Kondisi Malang di awal 1900-an mungkin tak jauh berbeda dengan kondisi pada 2020 saat awal pandemi Covid-19 melanda, karena sekitar tahun 1911 hingga 1916, Malang diserang pagebluk pes yang cukup mematikan. Penyakit menular ini bermula dari kutu yang ada pada tubuh tikus. Wabah tersebut pernah menyerang Eropa pada abad ke-14 yang lebih dikenal dengan nama black death. Seperti halnya Covid-19, kemunculan pes di Hindia Belanda tak digubris oleh Pemerintah Kolonial.
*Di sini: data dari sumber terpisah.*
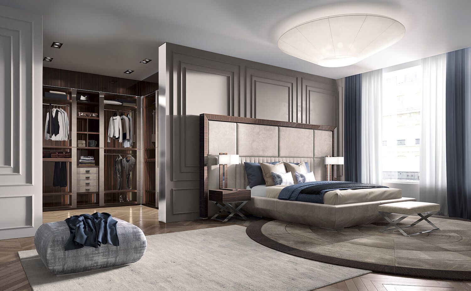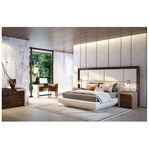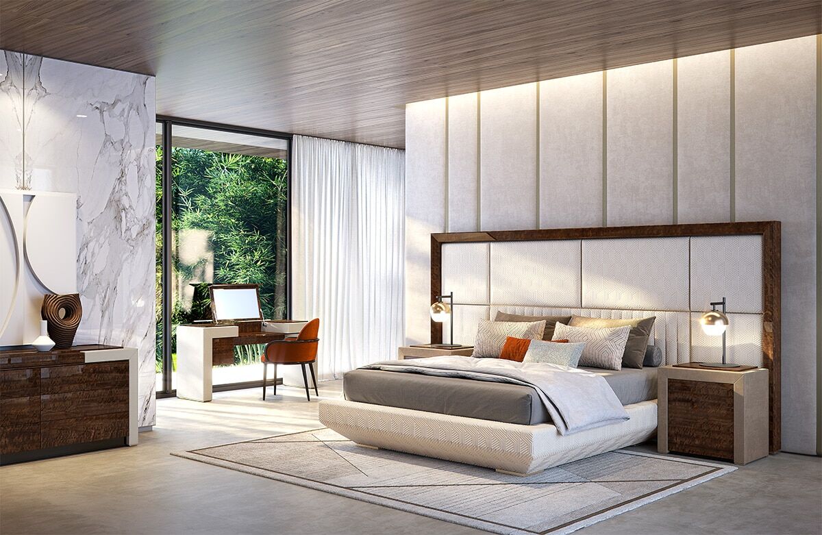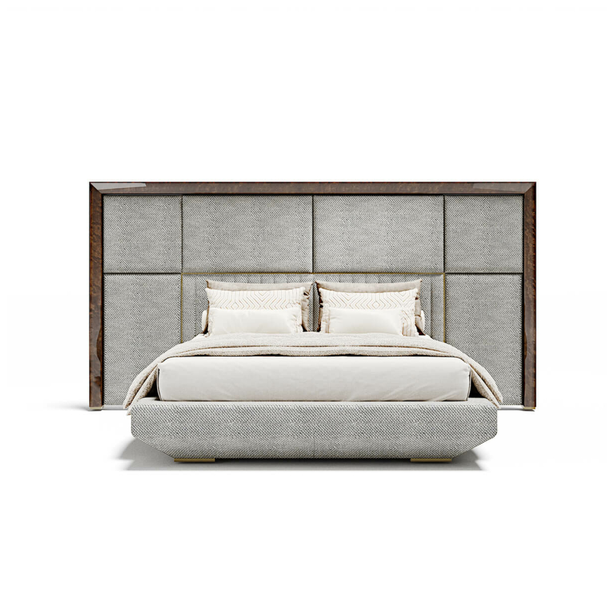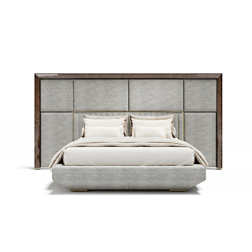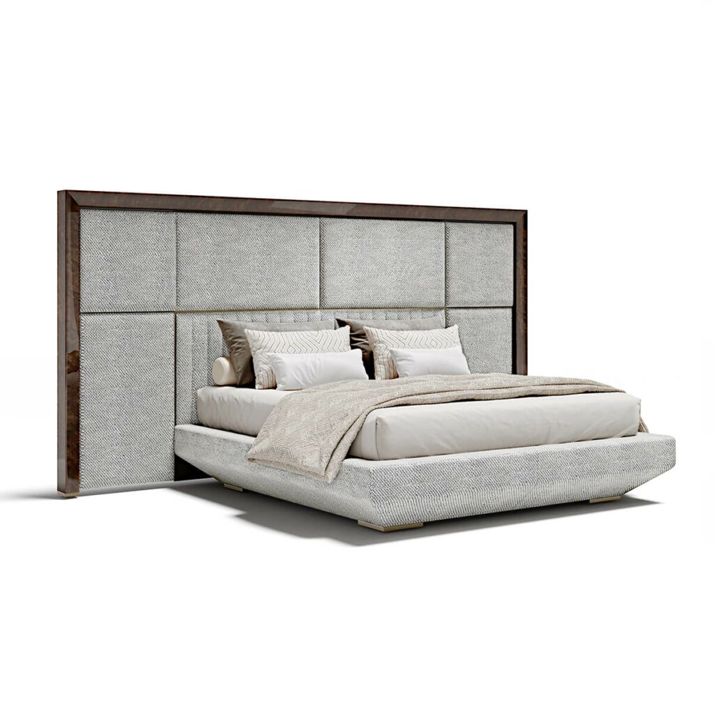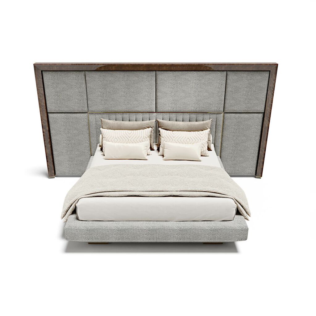 Interpretacja strefy spania w imię precyzji. Kimera to łóżko tapicerowane, które kładzie nacisk na materiały i miękką wyściółkę zagłówka dostępnego w tkaninie lub skórze.

Pemerintah menyangkal jika yang menyerang penduduk di Malang bukanlah pes, hingga beberapa bulan kemudian Pemerintah Kolonial baru menyatakan jika itu adalah wabah pes setelah ratusan nyawa menjadi korban.

Sebelum menyerang wilayah Hindia Belanda, wabah pes pada tahun 1910 akhir lebih dulu melanda wilayah Myanmar dan di saat yang bersamaan, Pemerintah Kolonial mengimpor beras dari Myanmar lantaran saat itu kebutuhan pangan cukup tinggi, sementara ketersediaan bahan baku tidak mencukupi karena saat itu Jawa mengalami gagal panen.

Kasus penyakit pes meledak di Malang, saat kereta yang membawa ribuan ton beras dari Myanmar transit di stasiun Malang lantaran kawasan Blitar dan Kediri dilanda banjir. Beras disimpan di gudang-gudang beras yang berada di beberapa desa yang berdekatan dengan stasiun (Turen). Tak lama ditemukan banyak bangkai tikus mati di dalam beras impor tersebut. Sedangkan tikus yang hidup masuk kedalam perkampungan sehingga dalam waktu singkat banyak yang terinfeksi pes. Akhir 1911 dilaporkan sebanyak 2.300 orang meninggal di Malang akibat wabah pes.

Berbagai upaya dilakukan Pemerintah Kolonial untuk membendung wabah yang dibawa dari kutu hewan pengerat ini. Mulai memberlakukan karantina wilayah, melarang warga keluar masuk Malang yang cukup lama sehingga membuat ekonomi terpuruk. Menginstruksikan warga memburu dan membakar tikus dan membuat barak khusus pasien yang terjangkiti.

Namun anehnya, masyarakat Malang saat itu mempercayai bahwa apa yang sedang terjadi adalah gangguan roh jahat. Sebab tak sedikit warga satu kampung yang tewas serentak. Tampak jika masyarakat Indonesia masih percaya dengan klenik senada dengan apa yang Muchtar Lubis tulis pada buku ‘Manusia Indonesia’ yang kontroversial itu.

Proses penanganan wabah pes yang sangat lamban itu membuat Pemerintah Kolonial membentuk Gemeente atau Kotamadya Malang di tahun 1914. Salah satu tujuan pembentukan Kotamadya adalah menyerahkan tanggung jawab pemberantasan wabah pes dari pemerintah pusat kepada pemerintah lokal.

Saat itu luas Kota Malang 1.503 hektare. Penduduk terdiri atas Pribumi kurang lebih 40 ribu jiwa, penduduk Eropa kurang lebih 2.500 jiwa dan penduduk Timur Asing kurang lebih 4 ribu jiwa. Perubahan status Malang menjadi Gemeente juga mengubah tata kota dan arsitektur bangunan. Jika sebelumnya bergaya Indische Empire Style berubah dengan gaya art deco.

Kelebihan buku ini selain membahas sejarah Malang yang sangat luar biasa, pihak penerbit juga memberikan kode Quick Response (QR) pada tiap akhir tulisan yang ada dibuku ini. Nantinya, pembaca akan terhubung ke video jurnalistik yang di unggah ke kanal youtube Terakota.